La tetera empezó a silbar y fue a la cocina para apagarla. Dejó los papeles de Tom en la mesa, donde había dejado los suyos la noche anterior. Abrió la alacena que había sobre el fregadero y buscó el té.

—Sí que lo dijeron —insistió Tom. La había seguido hasta la cocina—. Fueron y lo dijeron directamente. Usando términos y conceptos medievales. Oh, nosotros podemos hablar fácilmente de planetas orbitando estrellas, pero ellos estaban empezando a darse cuenta de que su propio planeta giraba sobre su eje. «Mundo» significaba… Bueno, significaba el «poliverso». Y «planeta» significaba «estrellas que se movían». Nosotros podemos hablar sobre continuums multidimensionales de espacio-tiempo-lo-que-sea, pero ellos no podían. Apenas empezaban a tantear el concepto de un continuum: lo llamaban «la intensión y remisión de las condiciones», y Buridan acababa de formular la primera ley del movimiento. No tenían palabras para definir las palabras. Todo lo que aprendieron de los viajeros de las estrellas fue filtrado por una Weltanschaunng que no estaba equipada para manejarlo. Lee a Ockham algún día; o a Buridan o a santo Tomás. Es casi imposible que les encontremos ningún sentido, porque veían las cosas de manera diferente a nosotros.
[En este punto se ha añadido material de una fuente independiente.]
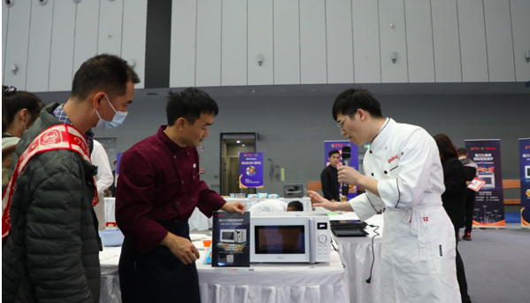 瑪莎拉雞塊、法式奶油意面、斯瓦希里香蕉燉肉……來自世界各地的預制風味在格蘭仕預制菜微波爐新鮮出爐。在預制菜烹飪交流環節,來自希臘、尼泊爾、法國、佛山順德等一流大廚各展身手,使用格蘭仕預制菜微波爐獻上美食盛宴。在專業預制菜烹飪技術的加持下,每一道奇佳風味都挑動著大會觀眾的味覺與視覺“神經”。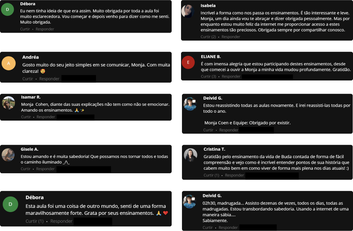 Fazendo sua matrícula ainda hoje, você terá a possibilidade de participar de dois encontros ao vivo, exclusivos aos alunos, diretamente com a Monja Coen, via Zoom, para aprender mais e tirar dúvidas. É uma oportunidade única e preciosa!
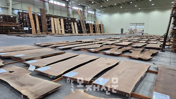 영림목재가 보유한 최고급 우드슬랩이 수천 장이 미가공 상태로 진열돼 있어요. 이 우드슬랩은 완제품이 아닌 상태로도 판매합니다. 완제품으로 제작해달라고 요청하시면 그렇게도 해드립니다. 아코야우드, 중목구조 기둥과 보, 히노끼 판재와 각재, 벽판재, 합판, 구조용 PB, 내장용 각재, 가든용품, 멀바우, 켐파스 등 남양재 데크, 삼나무 집성재, 히노끼 집성재, 원목마루, 강마루, 도어, 몰딩, 벽장식재, 인테리어재, 영림목재가 생산하는 다양한 파렛트, 북미산 특수목 등이 진열돼 있습니다.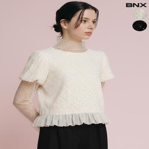 [BNX]여성 도트 메쉬 시퀸 블라우스 세트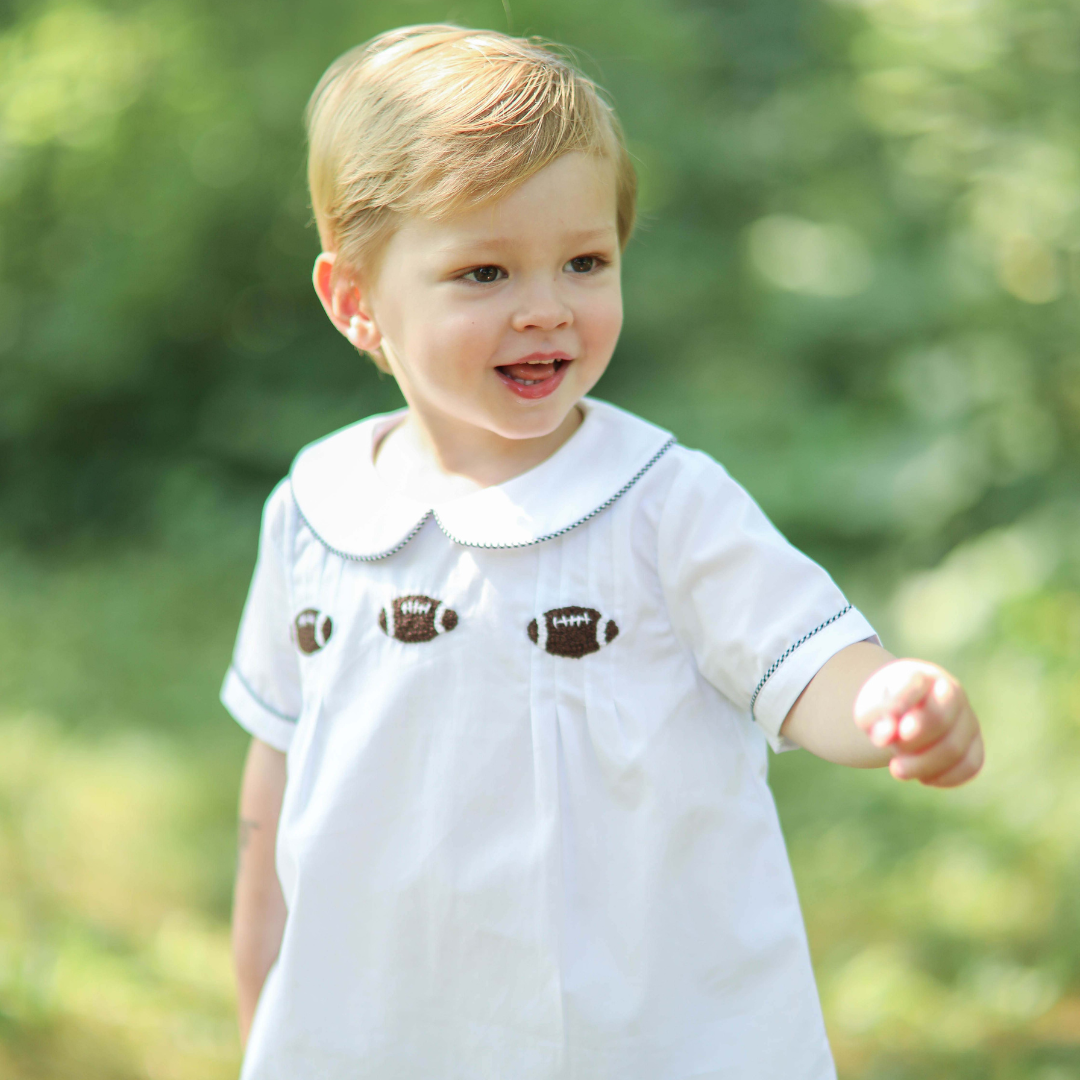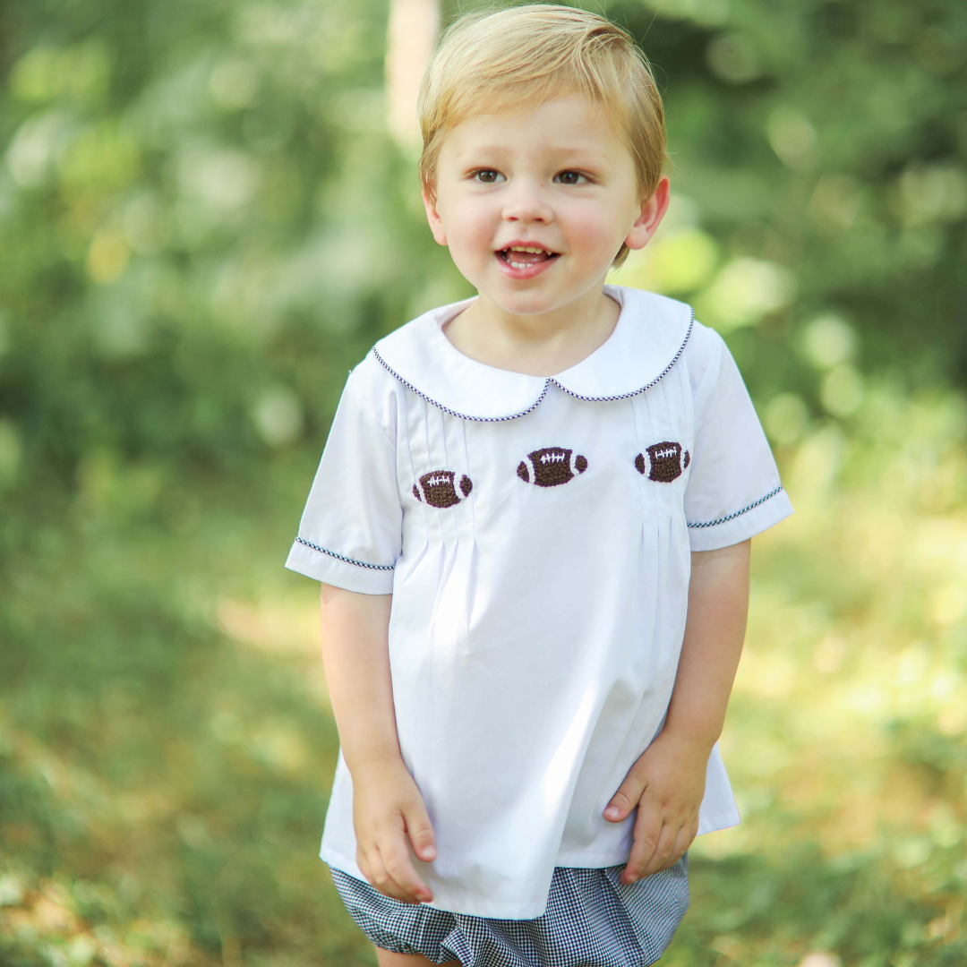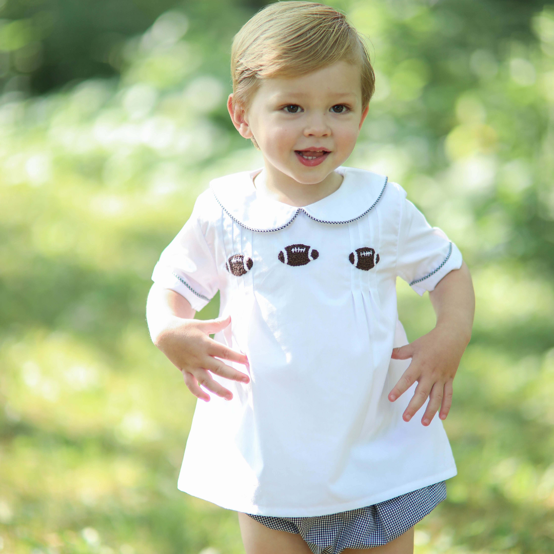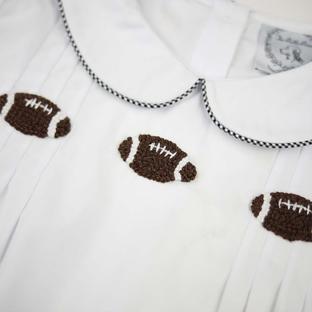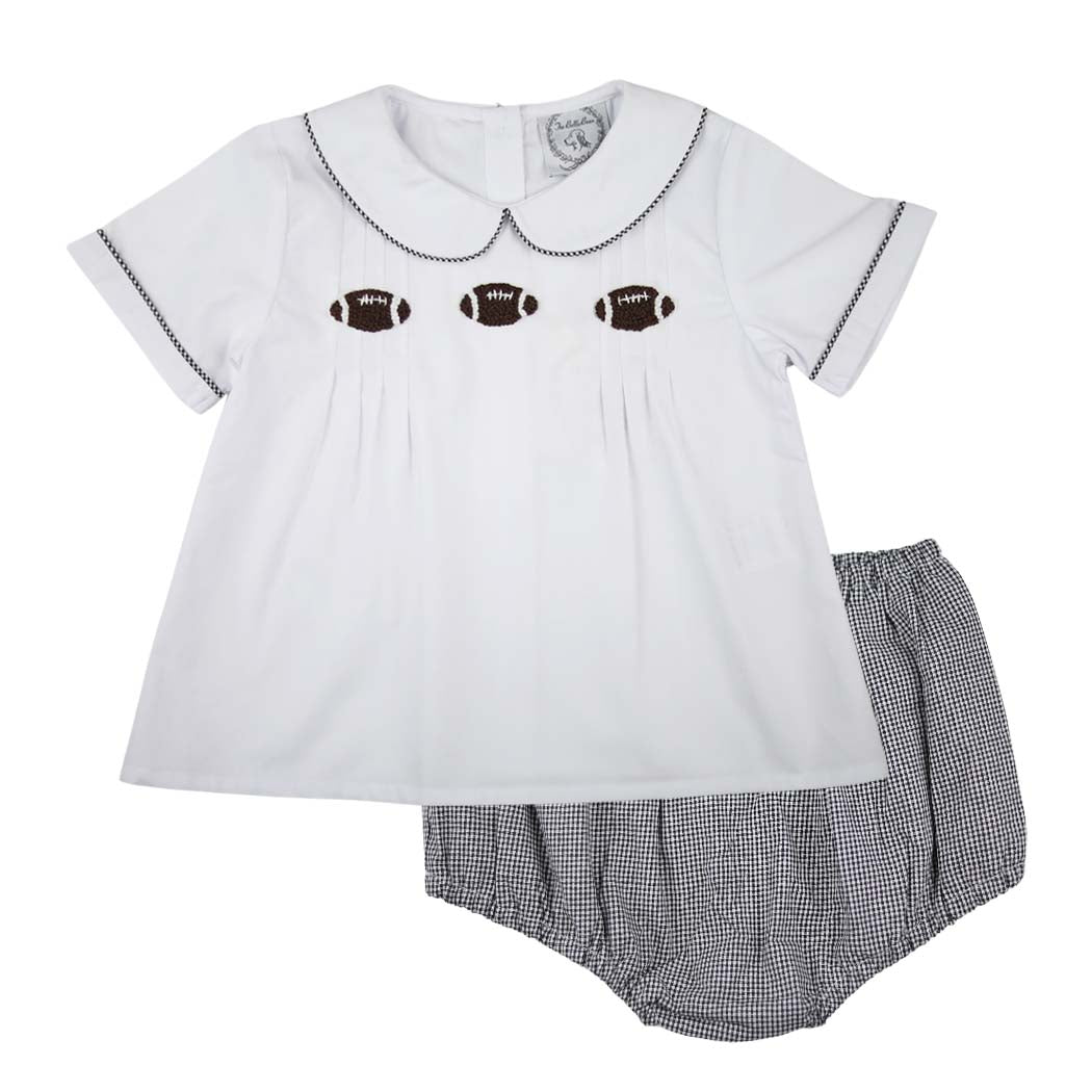 Bring on football season with the cutest football bloomer sets! This football-clad outfit features a hand French knotted footballs. The bloomer bottoms are made from mini black gingham fabric and there is coordinating trim on the top. This is a unisex set.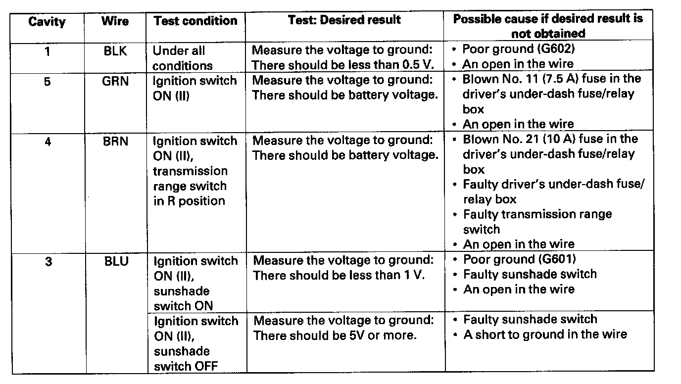 - If all the input tests prove OK, the control unit must be faulty; replace the power rear window sunshade.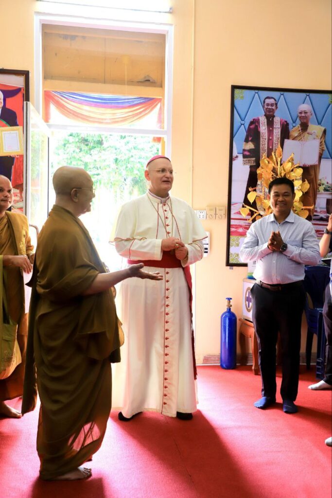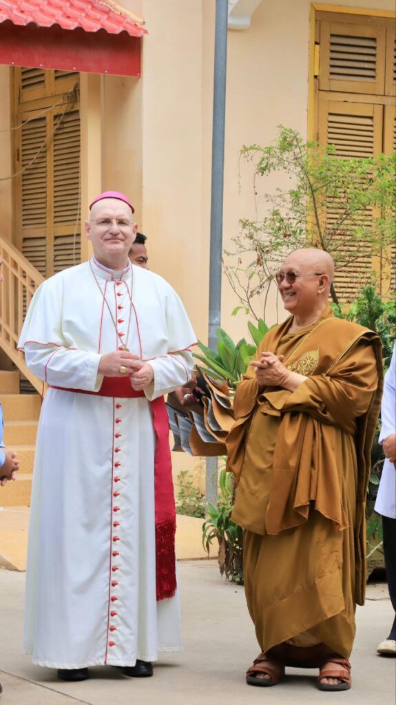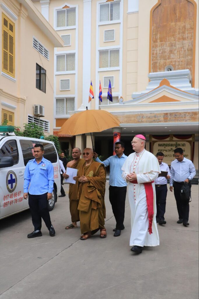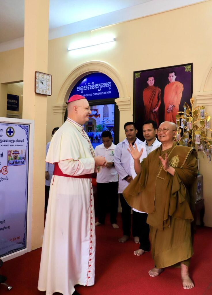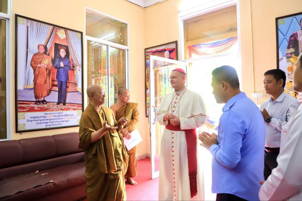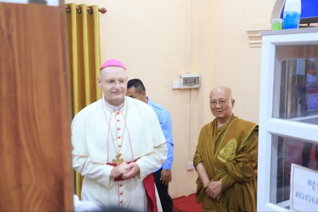ភ្នំពេញ៖ នៅព្រឹកថ្ងៃទី ១៥ ខែសីហា ឆ្នាំ ២០២៥ នេះ លោកអភិបាល អូលីវីយ៉េ ជ្មីតហស្លេ អភិបាលព្រះសហគមន៍កាតូលិកភូមិភាគភ្នំពេញ បានចូលថ្វាយបង្គំគាល់ សម្តេចព្រះអភិសិរីសុគន្ធាមហាសង្ឃរាជាធិបតី កិត្តិឧទ្ទេសបណ្ឌិត បួរ គ្រី សម្តេចព្រះមហាសង្ឃរាជ នៃគណៈធម្មយុត្តិកនិកាយនៃព្រះរាជាណាចក្រកម្ពុជា នៅពុទ្ធិកសាកលវិទ្យាល័យព្រះសីហមុនីរាជា រាជធានីភ្នំពេញ។ គោលបំណងនៃការចូលគាល់នេះ គឺដើម្បីអារាធនាយាងសម្តេចចូលរួមជា អធិបតីកិត្តិយស ក្នុងពិធីបុណ្យអគ្គសញ្ញាតែងតាំងលោកអភិបាល សិលា សួន ហង្សលី ជាអភិបាលឧបត្ថម្ភកៈនៃព្រះសហគមន៍កាតូលិកភូមិភាគភ្នំពេញ។ នៅក្នុងឱកាសនោះ លោកអភិបាល អូលីវីយ៉េ បានទូលថ្វាយសម្តេចថា ថ្មីៗនេះ សម្តេចប៉ាប ឡេអូ ១៤ (Leo XIV) បានជ្រើសតាំងកូនខ្មែរមួយរូបជាអភិបាលឧបត្ថម្ភកៈ ដែលនឹងអាចបន្តភារកិច្ចជាអភិបាលព្រះសហគមន៍កាតូលិកភូមិភាគភ្នំពេញ នៅពេលលោកចូលនិវត្តន៍។ លោកអភិបាលអូលីវីយ៉េក៏បានរំលឹកពីប្រវត្តិសាស្ត្រសំខាន់ថា ព្រឹត្តិការណ៍នេះកើតឡើង ៥០ ឆ្នាំបន្ទាប់ពីសម្តេចប៉ាបបានតែងតាំង លោកយ៉ូសែប ឆ្មារ សាឡាស់ ជាអភិបាលឧបត្ថម្ភកៈព្រះសហគមន៍ភូមិភាគភ្នំពេញ តែប៉ុន្មានថ្ងៃមុនរបបខ្មែរក្រហមកាន់កាប់រាជធានីភ្នំពេញ និងប្រទេសកម្ពុជាទាំងមូល។ គួរឲ្យសោកស្តាយ លោកអភិបាលយ៉ូសែប ឆ្មារ សាឡាស់ ត្រូវបានជម្លៀសទៅដល់ស្រុកតាំងគោក ហើយត្រូវបង្ខំឱ្យធ្វើការធ្ងន់ រហូតទទួលមរណភាពក្នុងឆ្នាំ១៩៧៧។ ជាមួយគ្នានេះ លោកអភិបាល អូលីវីយ៉េ ក៏បានលើកឡើងពីទំនាក់ទំនងដ៏ល្អរវាងព្រះពុទ្ធសាសនា និងព្រះសហគមន៍កាតូលិក ដែលបានរស់នៅជាមួយគ្នាប្រកបដោយភាពសុខដុមរមនា។ ជាក់ស្តែងកាលពីខែឧសភា ឆ្នាំ២០២៥ កន្លងទៅ បានប្រារព្ធកិច្ចសន្ទនាអន្តរសាសនាអន្តរជាតិ លើកទី៨ រវាងព្រះពុទ្ធសាសនា និងគ្រីស្តសាសនា។ លោកក៏បានទូលថ្វាយសម្តេចព្រះមហាសង្ឃរាជ អំពីការអធិដ្ឋាន រួមគ្នា សម្រាប់វិញ្ញាណក្ខន្ធ វីរៈកងទ័ពកម្ពុជាដែលពលី និងសុំសន្តិភាពនៅតាមព្រំដែនកម្ពុជា-ថៃ ផងដែរ។ ពិធីបុណ្យអគ្គសញ្ញាតែងតាំងលោកអភិបាល សិលា សួន ហង្សលី នឹងប្រព្រឹត្តទៅនៅថ្ងៃទី ៦ ខែកញ្ញា ឆ្នាំ ២០២៥ នៅមជ្ឈមណ្ឌលសកម្មភាពព្រះសហគមន៍កាតូលិកភូមិភាគភ្នំពេញ(ភ្នំពេញថ្មី)។ ការយាង សម្តេច ព្រះមហាសង្ឃរាជចូលរួមជាអធិបតីកិត្តិយស បង្ហាញពីការទទួលស្គាល់តួនាទីដ៏សំខាន់របស់ព្រះពុទ្ធសាសនាដែលជាសាសនារដ្ឋ ក៏ដូចជាការលើកកម្ពស់សាមគ្គីភាព និងការយោគយល់គ្នាទៅវិញទៅមករវាងប្រជាជនកម្ពុជាគ្រប់ជំនឿសាសនា។ ជាការឆ្លើយតប សម្តេចព្រះមហាសង្ឃរាជ បូរ គ្រី បានបង្ហាញព្រះទ័យទទួលស្វាគមន៍យ៉ាងកក់ក្តៅ និងរំលឹកដល់សកម្មភាពល្អៗជាច្រើនដែលព្រះអង្គធ្លាប់មានជាមួយបព្វជិតនៃព្រះសហគមន៍កាតូលិក។ ព

—La gente es gente —dijo ella—. No me convence.

Se le ocurrió que no estaba haciendo de abogado del diablo. Era Tom quien estaba abogando por los diablos. Le hubiese gustado compartir el chiste, tan propio de Tom, con él, pero decidió que no era el momento adecuado. Él hablaba demasiado en serio.

—Todo lo que tienes podría interpretarse de otro modo —le dijo—. Sólo cuando lo unes todo aparece una posible pauta. Pero ¿lo has juntado todo de la manera correcta? Tal vez el diario no lo escribió tu pastor Dietrich. Podría haber otros Oberhochwalds… En Bavaria, en Hesse, en Sajonia. La «aldea en los bosques altos». Dios mío, eso debe de ser tan raro en el sur de Alemania como una calle Mayor en el Medio Oeste. —Alzó una mano para evitar sus objeciones, como él había hecho antes—. No, no me estoy burlando de ti. Sólo estoy proponiendo alternativas. Tal vez el rayo fue realmente un rayo, no una fuga de energía de una hiponave espacial averiada. Tal vez Dietrich dio cobijo a peregrinos chinos, como pensaste al principio. Un alambre de cobre debe de tener otros usos aparte de servir para reparar máquinas alienígenas.